= WHAT THE TASK REQUIRES =
Leave out the pictures and repeat everything else in the records exactly.

= MATERIAL SUPPLIED =
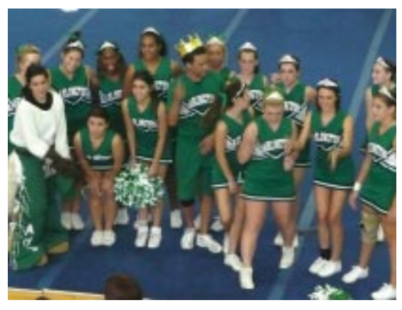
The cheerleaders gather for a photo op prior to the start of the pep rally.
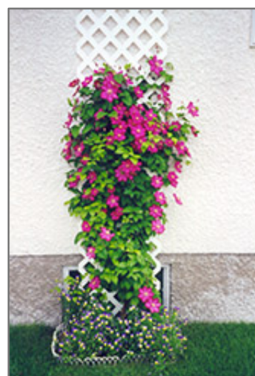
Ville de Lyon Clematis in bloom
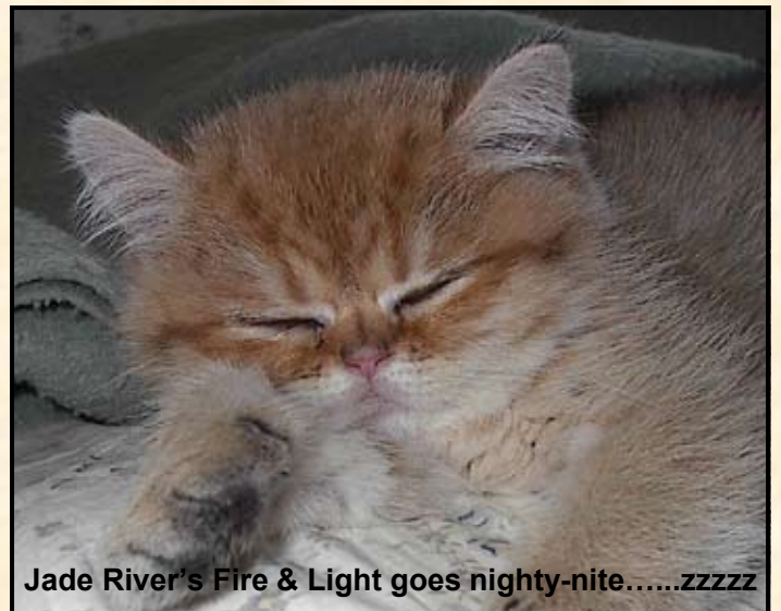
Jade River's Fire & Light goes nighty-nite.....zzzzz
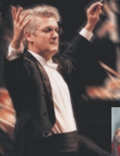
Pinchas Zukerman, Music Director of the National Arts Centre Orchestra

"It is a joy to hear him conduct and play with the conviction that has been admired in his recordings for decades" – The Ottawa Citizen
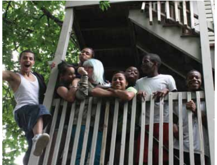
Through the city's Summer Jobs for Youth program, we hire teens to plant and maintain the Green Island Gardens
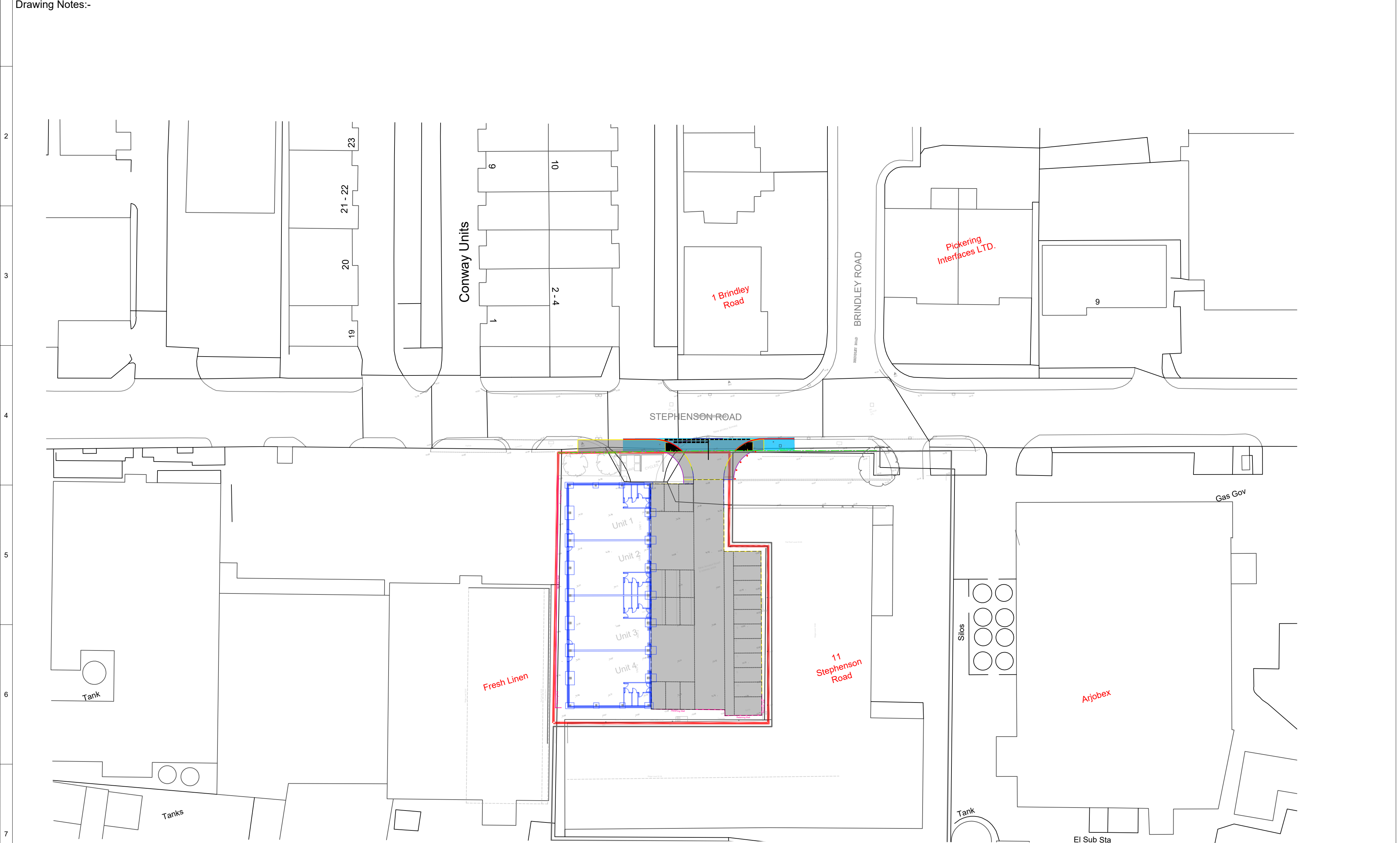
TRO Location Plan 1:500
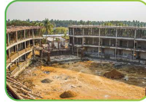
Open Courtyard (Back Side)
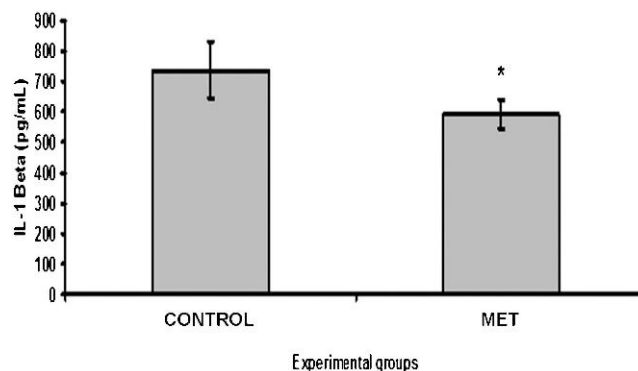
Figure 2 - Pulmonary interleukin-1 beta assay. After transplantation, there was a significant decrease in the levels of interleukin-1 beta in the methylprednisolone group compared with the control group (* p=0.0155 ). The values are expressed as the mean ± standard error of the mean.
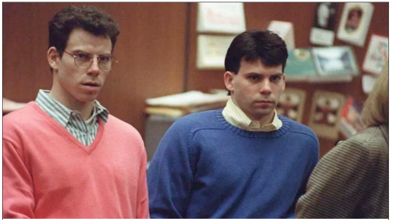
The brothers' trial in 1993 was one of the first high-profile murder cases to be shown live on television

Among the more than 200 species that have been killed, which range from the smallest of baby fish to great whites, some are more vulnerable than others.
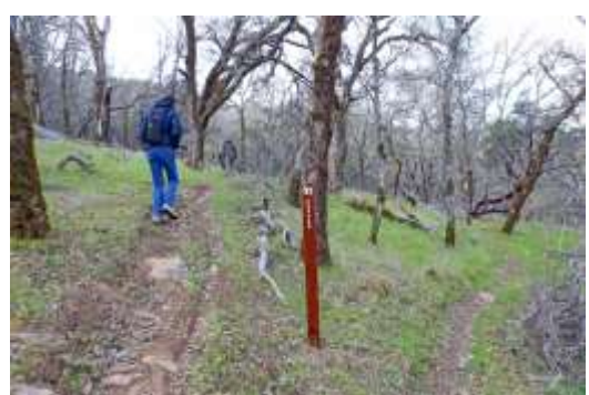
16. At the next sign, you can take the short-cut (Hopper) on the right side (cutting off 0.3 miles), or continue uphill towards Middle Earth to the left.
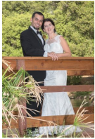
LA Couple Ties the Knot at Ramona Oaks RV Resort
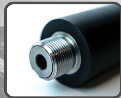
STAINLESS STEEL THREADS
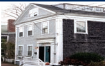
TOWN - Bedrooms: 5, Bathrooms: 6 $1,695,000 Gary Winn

= TASK SOLUTION =
The cheerleaders gather for a photo op prior to the start of the pep rally.
Ville de Lyon Clematis in bloom
Jade River's Fire & Light goes nighty-nite.....zzzzz
Pinchas Zukerman, Music Director of the National Arts Centre Orchestra

"It is a joy to hear him conduct and play with the conviction that has been admired in his recordings for decades" – The Ottawa Citizen
Through the city's Summer Jobs for Youth program, we hire teens to plant and maintain the Green Island Gardens
TRO Location Plan 1:500
Open Courtyard (Back Side)
Figure 2 - Pulmonary interleukin-1 beta assay. After transplantation, there was a significant decrease in the levels of interleukin-1 beta in the methylprednisolone group compared with the control group (* p=0.0155 ). The values are expressed as the mean ± standard error of the mean.
The brothers' trial in 1993 was one of the first high-profile murder cases to be shown live on television

Among the more than 200 species that have been killed, which range from the smallest of baby fish to great whites, some are more vulnerable than others.
16. At the next sign, you can take the short-cut (Hopper) on the right side (cutting off 0.3 miles), or continue uphill towards Middle Earth to the left.
LA Couple Ties the Knot at Ramona Oaks RV Resort
STAINLESS STEEL THREADS
TOWN - Bedrooms: 5, Bathrooms: 6 $1,695,000 Gary Winn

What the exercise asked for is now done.